**Exercise aim**
Every entry must be given again exactly. Include no pictures.

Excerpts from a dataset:
= = =

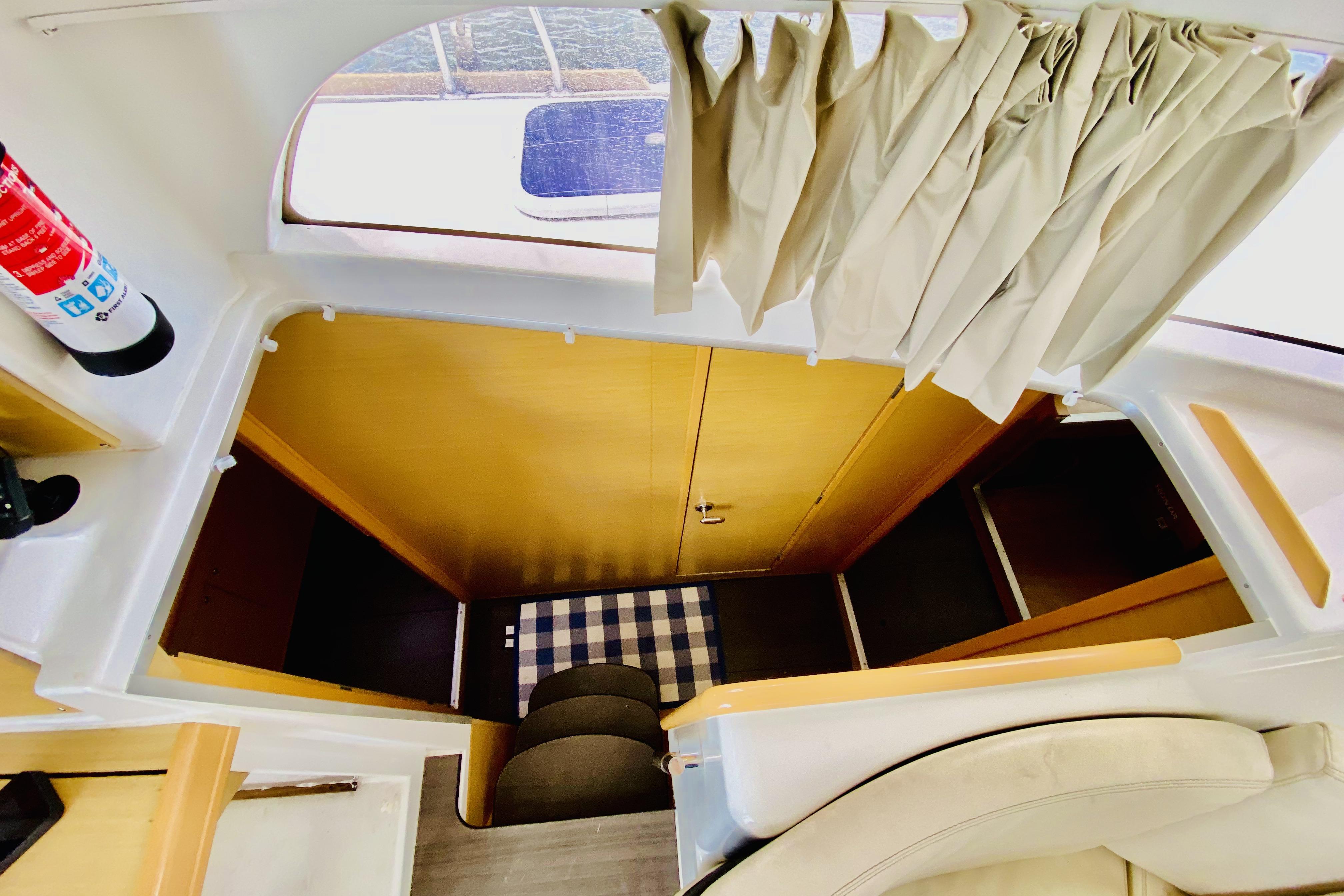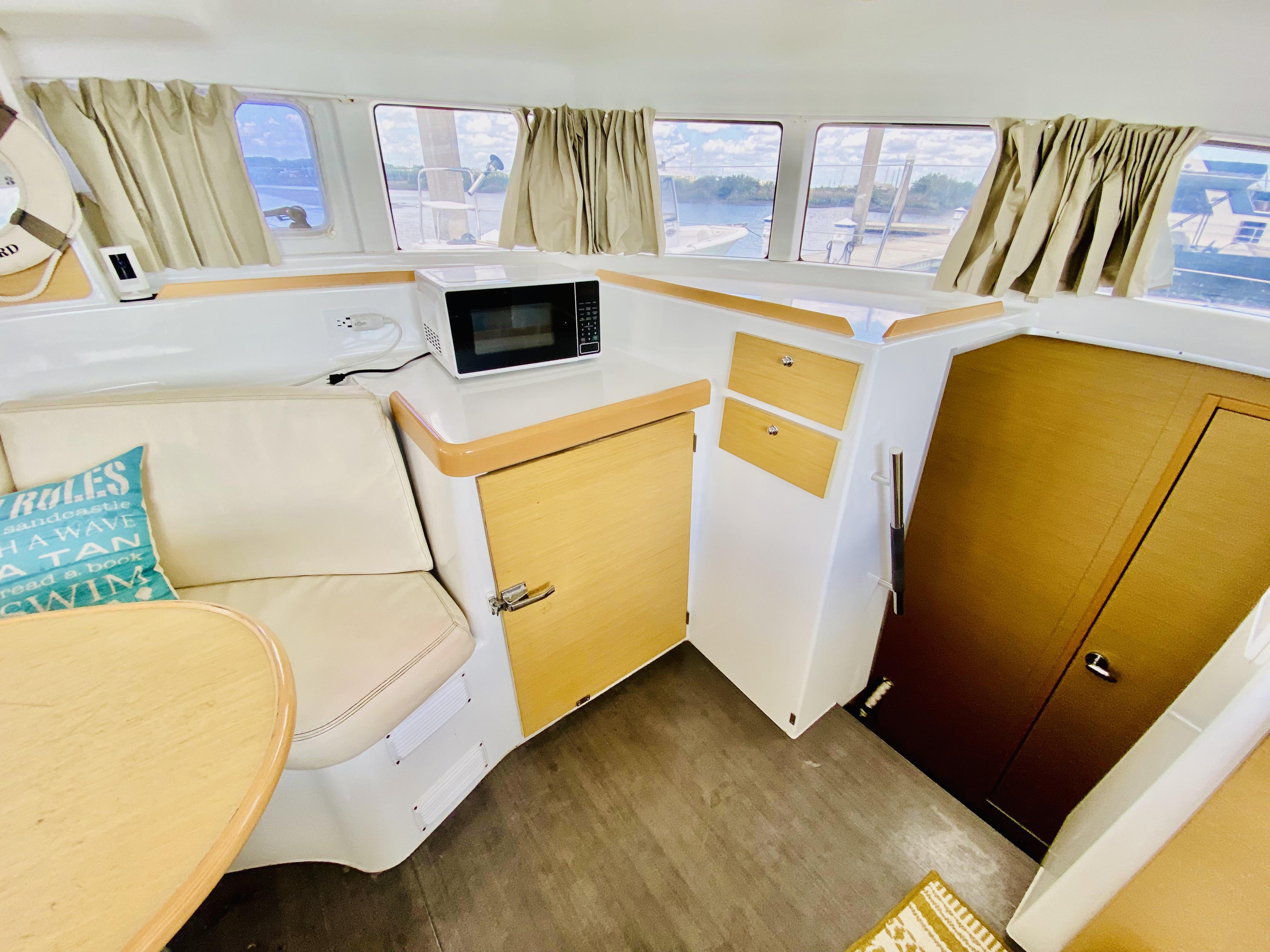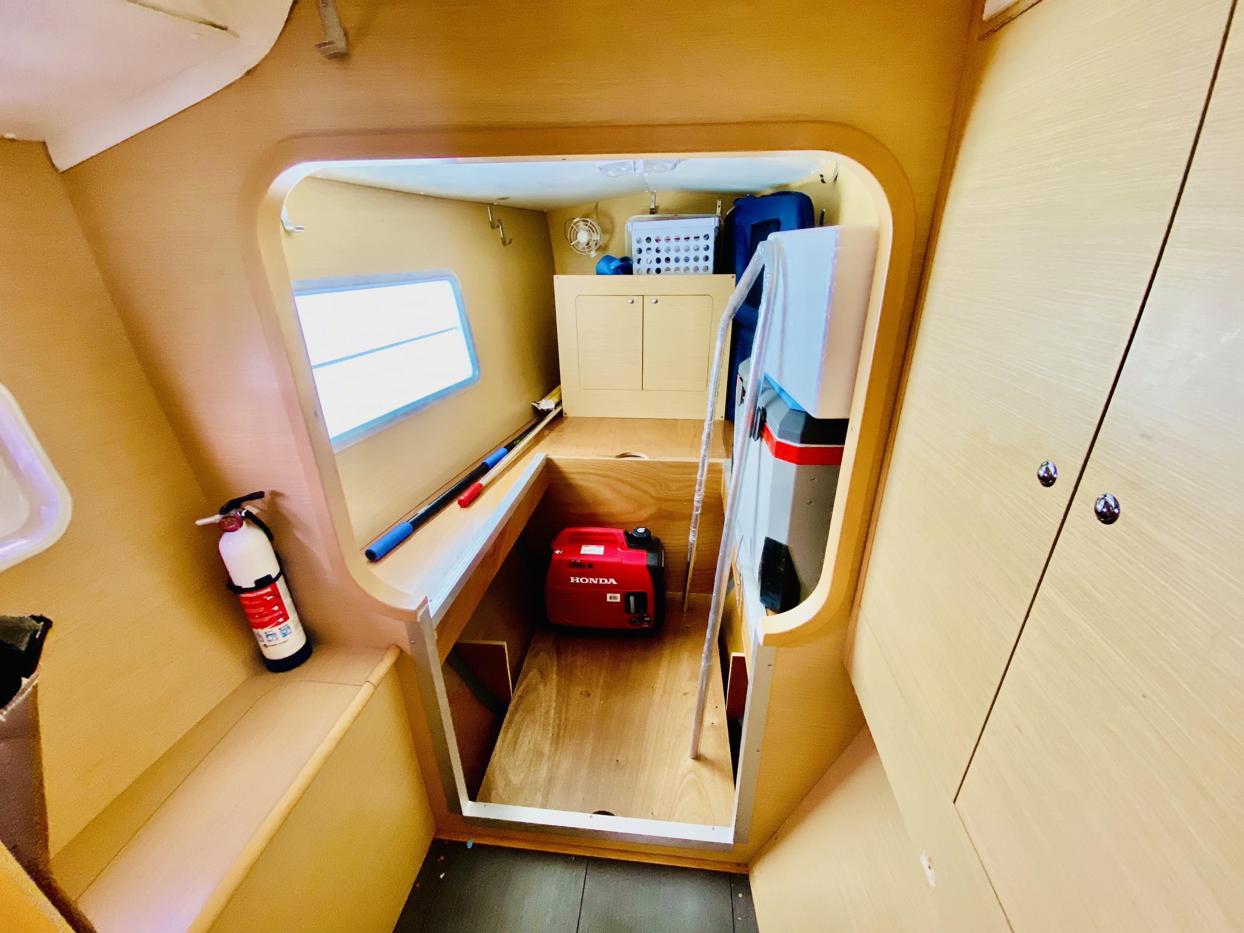 The interior of Finally Found is designed for both comfort and functionality, featuring Lagoons signature light-filled, open layout. The saloon is bright and inviting, with large vertical windows providing panoramic views and excellent ventilation. A well-equipped galley-up configuration keeps the cook connected to the social space, seamlessly integrating with the cockpit for effortless indoor-outdoor living. Originally a 4-cabin model, the port forward cabin has been thoughtfully converted into a dedicated workspace, offering a versatile room for storage, projects, or office use while still maintaining the boats spacious accommodations. The other cabins provide well-appointed berths with ample storage, making this layout ideal for long-term cruising, families, or guests. Warm wood finishes and an efficient use of space create a welcoming atmosphere that feels like home, whether at anchor or underway.
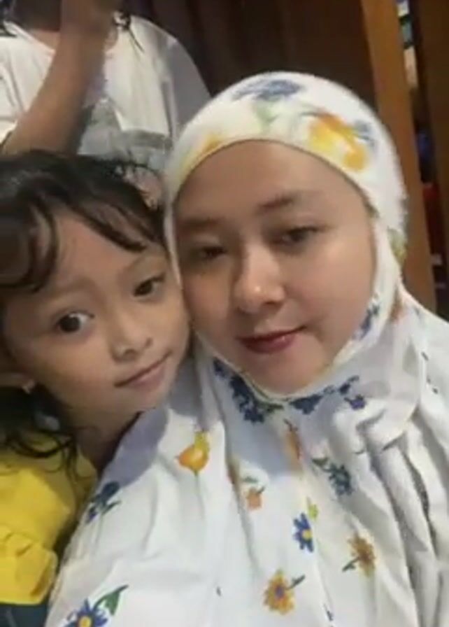 A woman in a white floral hijab is taking a selfie. To her left, a young girl with dark hair and a yellow shirt kisses her cheek. Behind them, a third girl in a white shirt looks towards the camera. They appear to be indoors, with a wooden door or wall visible in the background. The woman makes a kissy face for the camera.
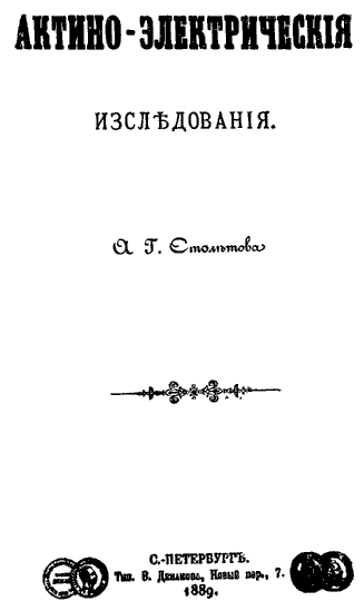 Титульный лист книги Столетова «Актино-электрические исследования».
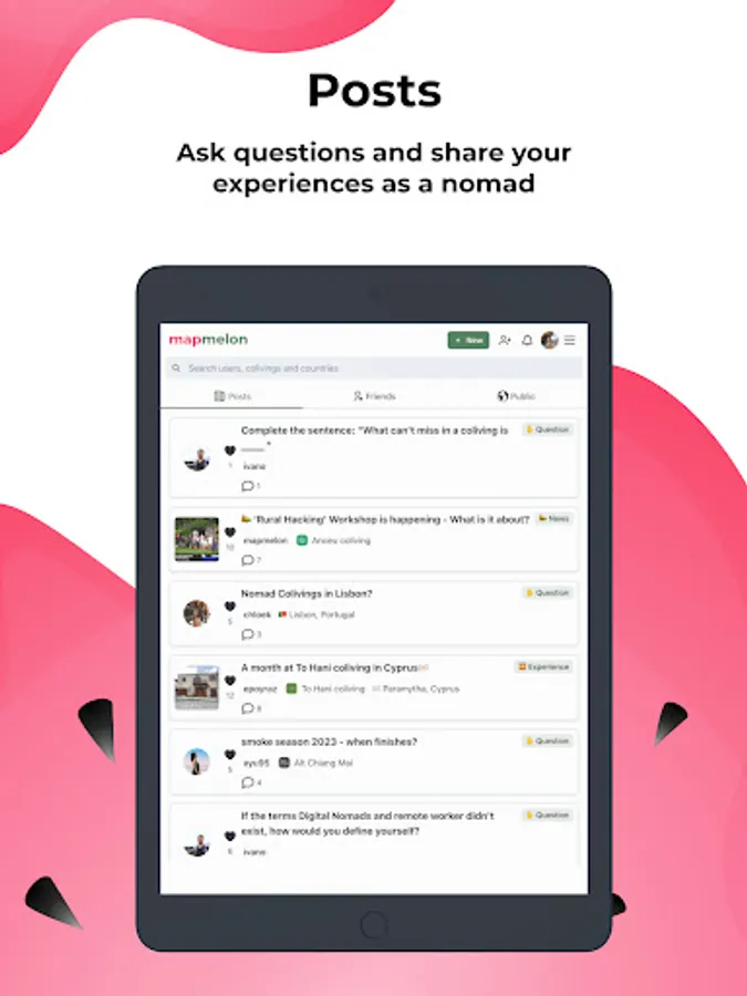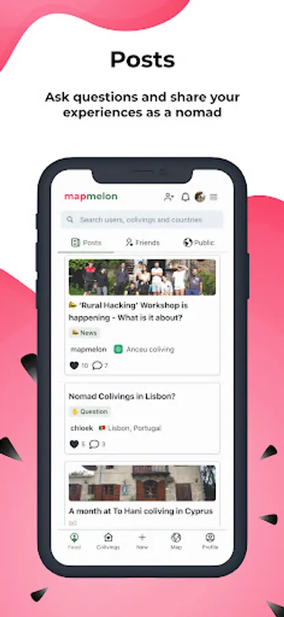 Keep track of your friends' plans, discover colivings, ask questions, and share your experiences as a nomad!
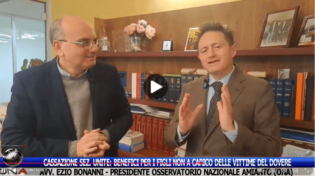 Vedi l’intervista rilasciata dall’Avv. Ezio Bonanni al giornalista Luigi Abbate sul riconoscimento dei diritti dei figli delle Vittime del Dovere:
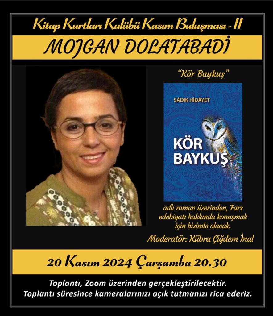 Kitap Kurtları Kulübü, edebiyat sohbetleri serisinin kasım ayı konuğu çevirmen Mojgan Dolatabadi olacak. Etkinlik Kübra Çiğdem İnal moderatörlüğünde 20 Kasım günü saat 20.30’da zoom üzerinden. gerçekleşecek.
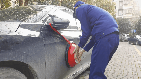 记者现场看到,“红脸盆”通过消防工作人员的手机平台进行线上操作,“上锁”后它会自动排出内部空气形成真空状态。内部的真空吸盘吸力可达300千克以上,牢固地吸附在违停车辆驾驶位的车门上,但不会对车辆造成损坏。
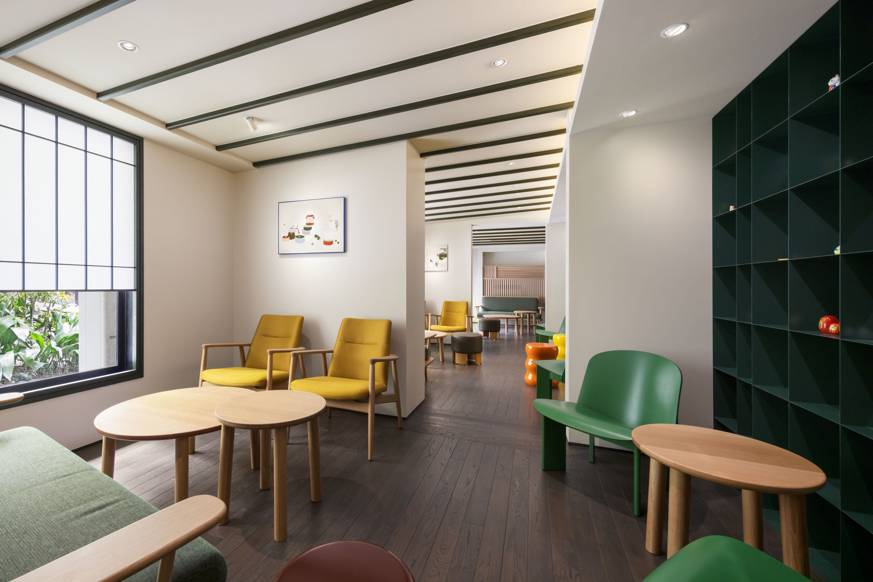 1階と地下1階の2つのフロアを要する日本家屋の店舗は、暖簾や行燈をしつらえ、お客様をお迎えします。暖簾をくぐると、京都の風情ある街並みの佇まいやスターバックスのハンドクラフト感、コーヒーのエッセンスを感じていただける空間が広がります。元々の建物を生かした店舗は、いくつかの空間にわかれており、1階には藤棚が目の前に見える小上がりの客席やフロアの中央にビッグテーブルを配置した席を用意。地元の方や旅行者など様々なお客様が自然とつながり、会話が生まれるような場をめざしました。地下1階はまるで茶屋を営む家族の自宅のようなフロア構成で、茶室・食卓・居間を思わせる空間に仕上げ、リラックスした時間を過ごしていただけます。店内には80席の様々な客席を用意し、近隣の寺社仏閣を巡った後の休憩など、その日の気分やシーンに合わせて、好きな席を見つけていただくのもこの店舗ならではの楽しみ方です。
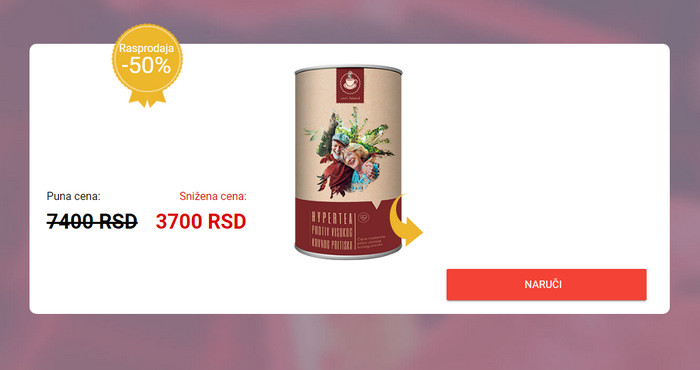 Čaj za hipertenziju Hypertea možete naručiti samo na službenoj web stranici proizvođača. Ne preporučujemo naručivanje u ljekarnama ili na drugim web lokacijama. Rastom popularnosti Hypertea, na tržištu se pojavio veliki broj lažnih proizvoda. Čuvajte se i ne padajte na niske cijene.
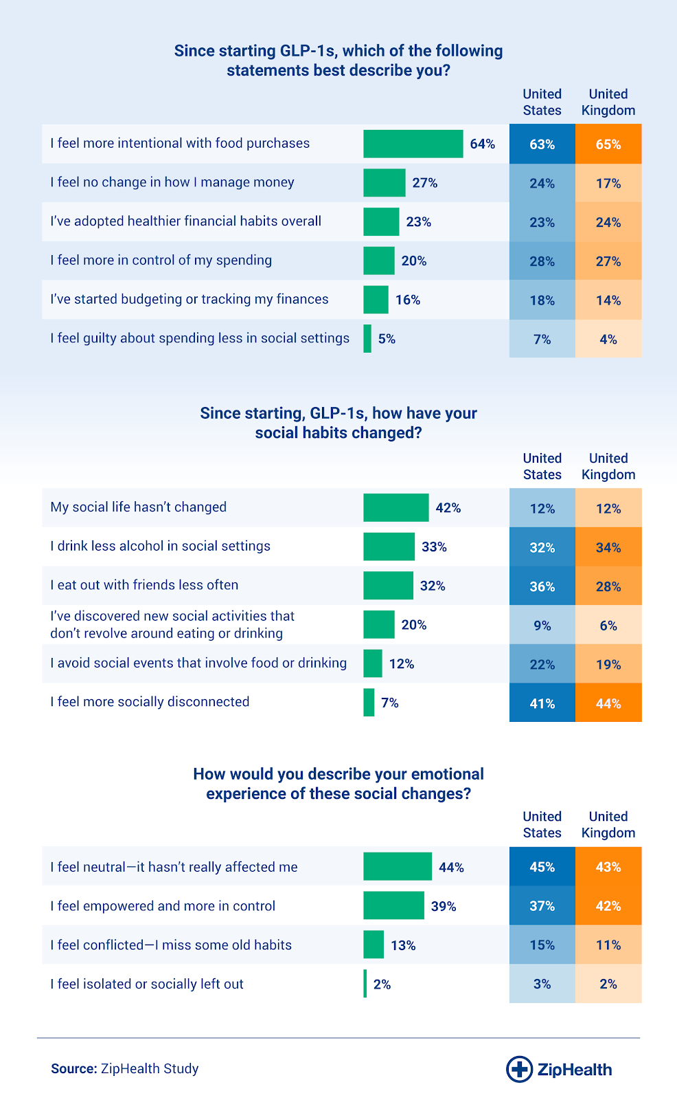- 64% say they’re more mindful with food purchases, and many are budgeting or tracking finances since starting GLP-1s.
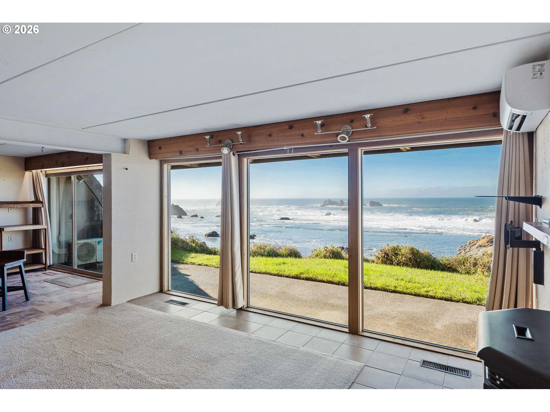Oceanfront on Beach Loop in Bandon with commanding views of Coquille Point, Elephant Rock, and Face Rock—a front-row seat for sunsets and storm watching. Built in 1974, this coastal contemporary offers a daylight-basement / reverse-plan layout with a street-level garage and a separate laundry room (both with ocean-facing windows) and the main living spaces and bedrooms on the ocean-facing lower level. The living room features a fireplace with a pellet stove insert, and ocean-side windows and sliders keep the shoreline center stage year-round. Brand new roof (2024). Concrete lower-level construction provides a solid footprint. Convenient to Old Town Bandon shops and restaurants, the city park, library, and Bandon schools, plus an easy drive to Bandon Dunes Golf Resort and world-class golf. For buyers planning ahead, the street level offers potential to reimagine or expand—including the concept of building new above while retaining the existing concrete lower level, subject to buyer due diligence, engineering, and all required approvals/permits. A rare opportunity to own true oceanfront with iconic Bandon views.
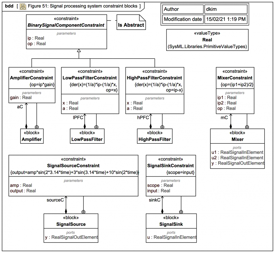 SysPhS-1.1: 'Equations define mathematical relationships between the values of numeric variables. Equations in SysML, are constraints in constraint blocks that use properties of the blocks (parameters) as variables. In this example, a constraint block BinarySignalComponentConstraint defines the parameters for one input (ip) and one output (op), common to amplifiers, low-pass filters, and high-pass filters, as shown in Figure 51. The amplifier, low-pass fil[t]er, and high-pass filter constraints show the input-output relationship of these components as the signal passes through them. The amplifier changes the signal strength by a factor gain, the low-pass filter eliminates the high-frequency components of the incoming signal, and the high-pass filter eliminates the low-frequency components of the signal. The mixer constraint specifies the relationship between its one output and the two inputs that come from the low-pass and high-pass filters. The constraint defines the output to be the average of the inputs. The source constraint specifies a sine wave signal with the parameter amp as its amplitude. The sink constraint displays (scopes) the output signal from the signal processor.'

= = =

**The answer**
 The interior of Finally Found is designed for both comfort and functionality, featuring Lagoons signature light-filled, open layout. The saloon is bright and inviting, with large vertical windows providing panoramic views and excellent ventilation. A well-equipped galley-up configuration keeps the cook connected to the social space, seamlessly integrating with the cockpit for effortless indoor-outdoor living. Originally a 4-cabin model, the port forward cabin has been thoughtfully converted into a dedicated workspace, offering a versatile room for storage, projects, or office use while still maintaining the boats spacious accommodations. The other cabins provide well-appointed berths with ample storage, making this layout ideal for long-term cruising, families, or guests. Warm wood finishes and an efficient use of space create a welcoming atmosphere that feels like home, whether at anchor or underway.
 A woman in a white floral hijab is taking a selfie. To her left, a young girl with dark hair and a yellow shirt kisses her cheek. Behind them, a third girl in a white shirt looks towards the camera. They appear to be indoors, with a wooden door or wall visible in the background. The woman makes a kissy face for the camera.
 Титульный лист книги Столетова «Актино-электрические исследования».
 Keep track of your friends' plans, discover colivings, ask questions, and share your experiences as a nomad!
 Vedi l’intervista rilasciata dall’Avv. Ezio Bonanni al giornalista Luigi Abbate sul riconoscimento dei diritti dei figli delle Vittime del Dovere:
 Kitap Kurtları Kulübü, edebiyat sohbetleri serisinin kasım ayı konuğu çevirmen Mojgan Dolatabadi olacak. Etkinlik Kübra Çiğdem İnal moderatörlüğünde 20 Kasım günü saat 20.30’da zoom üzerinden. gerçekleşecek.
 记者现场看到,“红脸盆”通过消防工作人员的手机平台进行线上操作,“上锁”后它会自动排出内部空气形成真空状态。内部的真空吸盘吸力可达300千克以上,牢固地吸附在违停车辆驾驶位的车门上,但不会对车辆造成损坏。
 1階と地下1階の2つのフロアを要する日本家屋の店舗は、暖簾や行燈をしつらえ、お客様をお迎えします。暖簾をくぐると、京都の風情ある街並みの佇まいやスターバックスのハンドクラフト感、コーヒーのエッセンスを感じていただける空間が広がります。元々の建物を生かした店舗は、いくつかの空間にわかれており、1階には藤棚が目の前に見える小上がりの客席やフロアの中央にビッグテーブルを配置した席を用意。地元の方や旅行者など様々なお客様が自然とつながり、会話が生まれるような場をめざしました。地下1階はまるで茶屋を営む家族の自宅のようなフロア構成で、茶室・食卓・居間を思わせる空間に仕上げ、リラックスした時間を過ごしていただけます。店内には80席の様々な客席を用意し、近隣の寺社仏閣を巡った後の休憩など、その日の気分やシーンに合わせて、好きな席を見つけていただくのもこの店舗ならではの楽しみ方です。
 Čaj za hipertenziju Hypertea možete naručiti samo na službenoj web stranici proizvođača. Ne preporučujemo naručivanje u ljekarnama ili na drugim web lokacijama. Rastom popularnosti Hypertea, na tržištu se pojavio veliki broj lažnih proizvoda. Čuvajte se i ne padajte na niske cijene.
- 64% say they’re more mindful with food purchases, and many are budgeting or tracking finances since starting GLP-1s.
Oceanfront on Beach Loop in Bandon with commanding views of Coquille Point, Elephant Rock, and Face Rock—a front-row seat for sunsets and storm watching. Built in 1974, this coastal contemporary offers a daylight-basement / reverse-plan layout with a street-level garage and a separate laundry room (both with ocean-facing windows) and the main living spaces and bedrooms on the ocean-facing lower level. The living room features a fireplace with a pellet stove insert, and ocean-side windows and sliders keep the shoreline center stage year-round. Brand new roof (2024). Concrete lower-level construction provides a solid footprint. Convenient to Old Town Bandon shops and restaurants, the city park, library, and Bandon schools, plus an easy drive to Bandon Dunes Golf Resort and world-class golf. For buyers planning ahead, the street level offers potential to reimagine or expand—including the concept of building new above while retaining the existing concrete lower level, subject to buyer due diligence, engineering, and all required approvals/permits. A rare opportunity to own true oceanfront with iconic Bandon views.
 SysPhS-1.1: 'Equations define mathematical relationships between the values of numeric variables. Equations in SysML, are constraints in constraint blocks that use properties of the blocks (parameters) as variables. In this example, a constraint block BinarySignalComponentConstraint defines the parameters for one input (ip) and one output (op), common to amplifiers, low-pass filters, and high-pass filters, as shown in Figure 51. The amplifier, low-pass fil[t]er, and high-pass filter constraints show the input-output relationship of these components as the signal passes through them. The amplifier changes the signal strength by a factor gain, the low-pass filter eliminates the high-frequency components of the incoming signal, and the high-pass filter eliminates the low-frequency components of the signal. The mixer constraint specifies the relationship between its one output and the two inputs that come from the low-pass and high-pass filters. The constraint defines the output to be the average of the inputs. The source constraint specifies a sine wave signal with the parameter amp as its amplitude. The sink constraint displays (scopes) the output signal from the signal processor.'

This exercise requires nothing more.